In the results section, the dataset underwent preprocessing and augmentation, leading to a total of 8304 images for the 4-stage classification task. The dataset was divided into training, validation, and testing sets in a 70:10:20 ratio, resulting in 5978 images for training (70%), 665 images for validation (10%), and 1661 images for testing (20%). The distribution of images across different grades within these sets is detailed in Table 5.

For the 2-stage classification, the dataset comprised 4800 images, with the training set containing 3456 images (70%), while the validation and testing sets included 384 images (10%) and 960 images (20%), respectively. This distribution is presented in Table 6. The structured allocation of images across both classification stages supports the robustness of the training and evaluation processes.

Discussion

In the “Discussion” section of the research paper, the authors provide a comprehensive overview of the advancements in diabetic retinopathy (DR) detection methodologies, highlighting various studies that have contributed to the field. They summarize the use of convolutional neural networks (CNNs) and deep learning frameworks, noting significant improvements in classification accuracy and sensitivity across multiple studies. For instance, one study achieved an accuracy of 89% with a sensitivity of 89% and specificity of 97.3% by integrating CNN models for DR stage classification and lesion localization. Another study utilizing transfer learning with DenseNet201 reached a test accuracy of 82.7% and an AUC of 94.1%. The authors also discuss innovative approaches such as ensemble learning and hybrid models, which have demonstrated promising results, including accuracies exceeding 94%.

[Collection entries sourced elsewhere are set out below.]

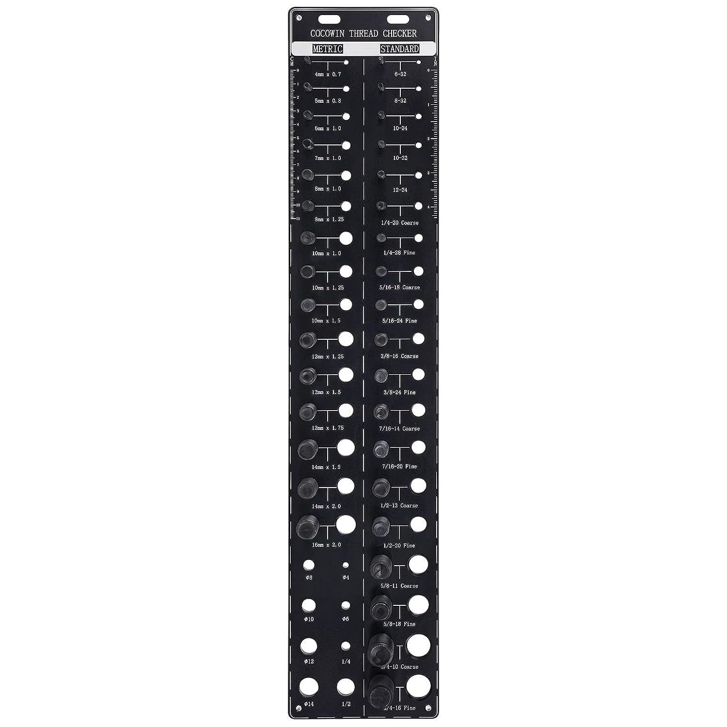 MULTIFUNCTIONAL DESIGNĀ - Built in ruler with 6 inches and 14 centimeters on both sides, the screw thread gauge helps you quickly identify different length of bolt, screw, nut.
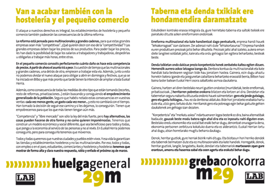 En el pequeño comercio conocéis perfectamente cuánto daño os hace esta competencia de precios. A partir de ahora el asunto irá a peor. Es cuestión de tiempo que las multinacionales y grandes cadenas, una detrás de otra, empiecen a trabajar esta vía. Además, junto a esto no podemos olvidar el nuevo ataque para obligar a abrir en domingos y festivos, que ya se ha iniciado en Bilbo y que más pronto que tarde tienen la intención de ampliar a toda Euskal Herria.
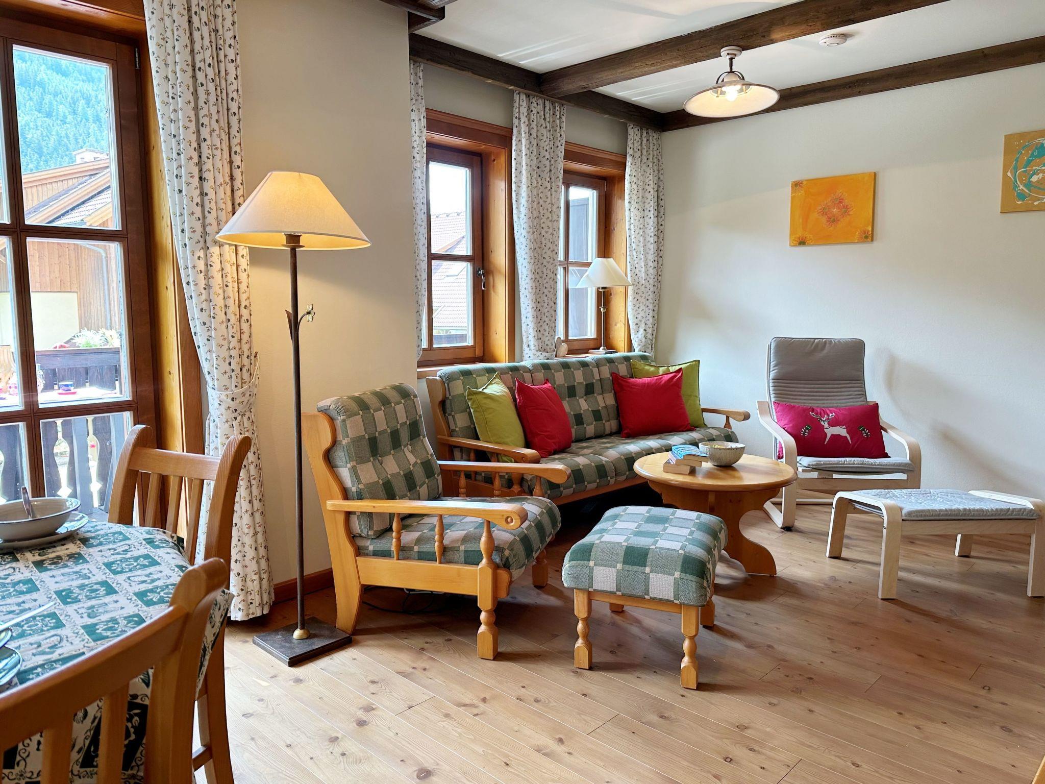 The location of the holiday flat is ideal for winter sports enthusiasts: a ski slope, mountain railway and cable car are just 100 metres away. The ski bus can be reached in 200 metres and a ski school in 300 metres, while cross-country skiing enthusiasts will find trails 700 metres away. The proximity to the centre (300m) and the grocery store (500m) also provides additional convenience during your stay.
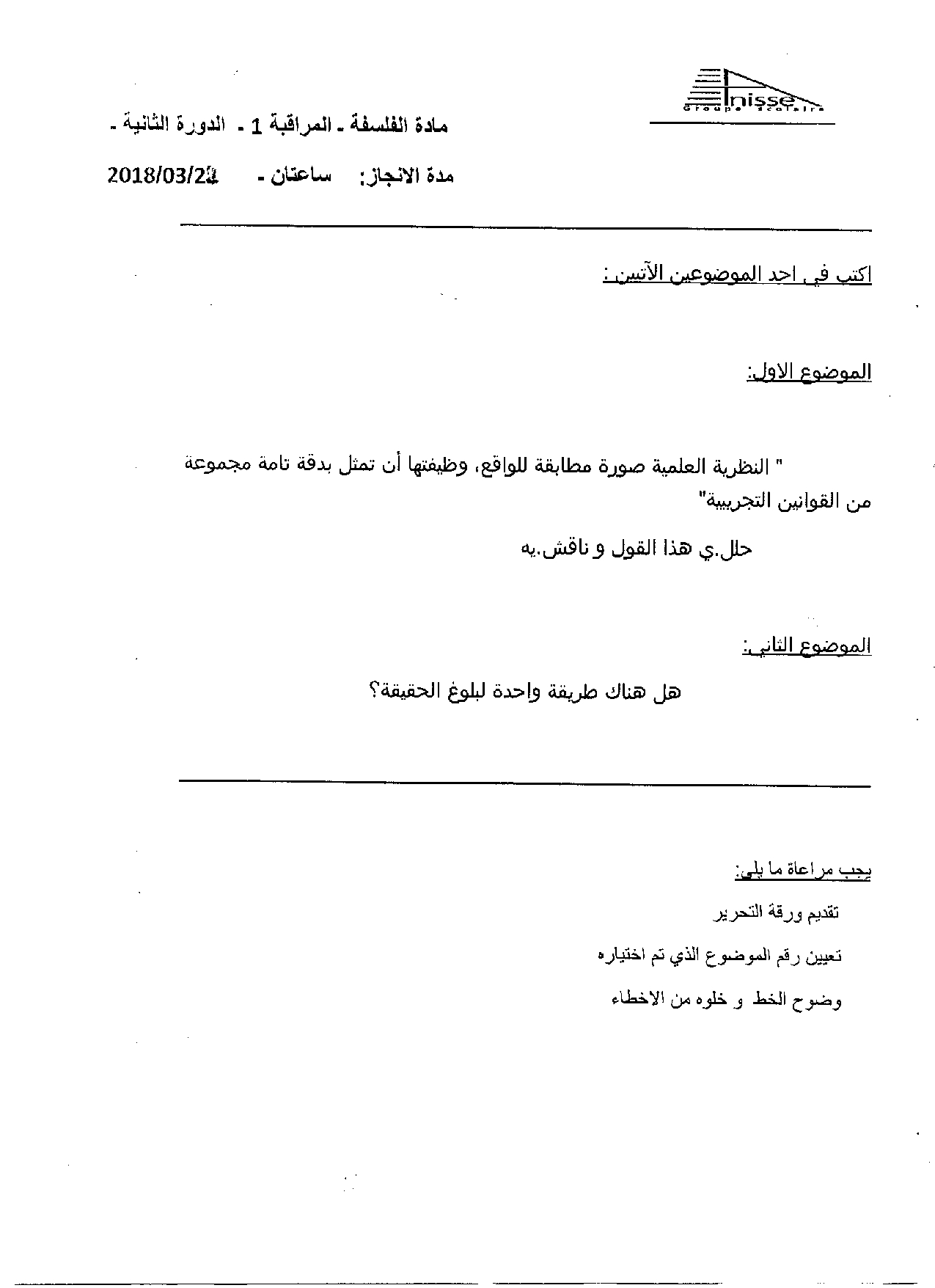 الفرض 1 نموذج 2 - الفلسفة ثانية باك علوم وتقنيات الدورة الثانية
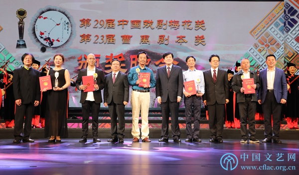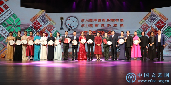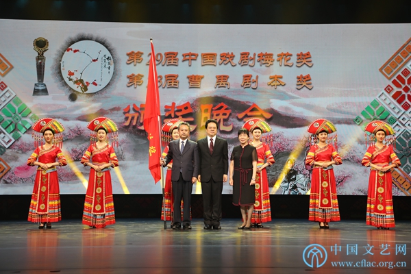 中國文聯黨組書記、副主席李屹出席閉幕式并為獲獎者頒獎。出席閉幕式的還有廣西壯族自治區黨委常委、宣傳部長范曉莉,自治區人大常委會副主任盧獻匾,自治區人民政府副主席李彬,自治區政協副主席陳剛,中國劇協分黨組書記、駐會副主席陳彥以及“梅花獎”、曹禺劇本獎評委,下一屆“梅花獎”主辦城市南京有關方面負責人與南寧市千余名觀眾一同觀看頒獎晚會。
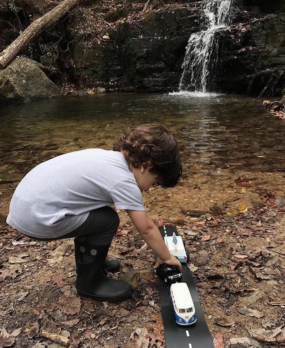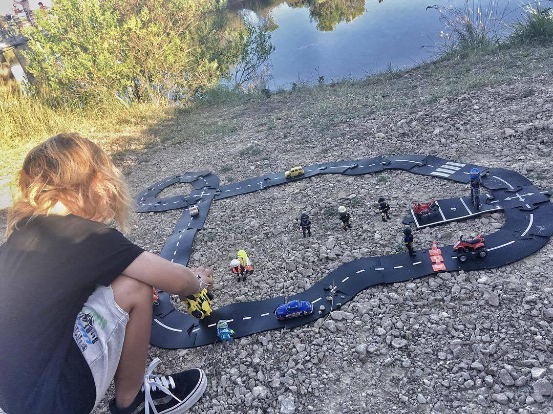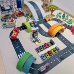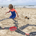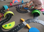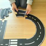 These flexible and open-ended rubber roads encourage imaginative and creative play. Building track and city street scenes utilizes fine motor skills and problem-solving. Adjustable track playset pieces are light enough for children to handle comfortably. This puzzle car track is bendable, waterproof, and easy to clean, perfect for indoor and outdoor play. It's a modern twist on a classic childhood favorite. Unleash the joy of playing with toy cars.
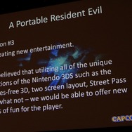 『バイオハザード リベレーションズ』は先に発売された『バイオハザード ザ・マーセナリーズ3D』と同時に開発が進められた作品で、ニンテンドー3DSという「魅力的な製品が登場したことが開発のきっかけ」だそうです。また、長い歴史がある『バイオハザード』に新しい広がりを持たすことも3DSでの開発を決断した理由になっているそうです。
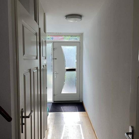 In a beautiful and quiet location, in a sought-after residential neighbourhood, a spacious house with 5 bedrooms. Layout Ground floor: entrance, hall with separate toilet, living room approx. 40 m2 with wooden floor and a semi-open kitchen equipped with all appliances and two built-in cupboards. From the living room there is access to a conservatory with roller shutters, directly adjacent to the low-maintenance, deep garden. A large brick storage shed is located in the garden and can be reached via a rear entrance. First floor: three bedro...
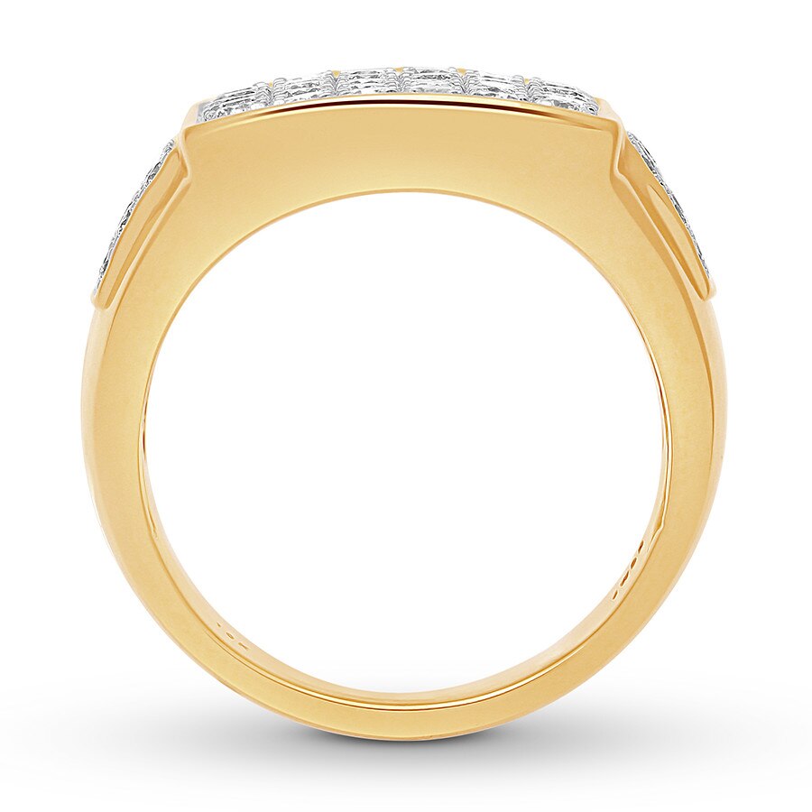 This outstanding men's band shines with a host of brilliant round diamonds in the center and even more diamonds on the band. Crafted of 10K yellow gold, the ring has an impressive total diamond weight of 2 carats.

The section emphasizes the importance of preprocessing techniques in enhancing image quality for better model performance. Techniques such as image cropping, denoising using Gaussian blur, histogram equalization, and resizing are detailed as critical steps that improve the clarity and reliability of input data. Furthermore, the authors address the challenge of class imbalance in datasets, particularly in the Messidor-1 dataset, and advocate for data augmentation strategies to bolster the representation of minority classes. By employing geometric and photometric augmentation techniques, they successfully increased the dataset size, thereby enhancing model robustness and generalization capabilities. Overall, the discussion underscores the continuous evolution of DR detection methodologies and the potential for future research to further refine these approaches.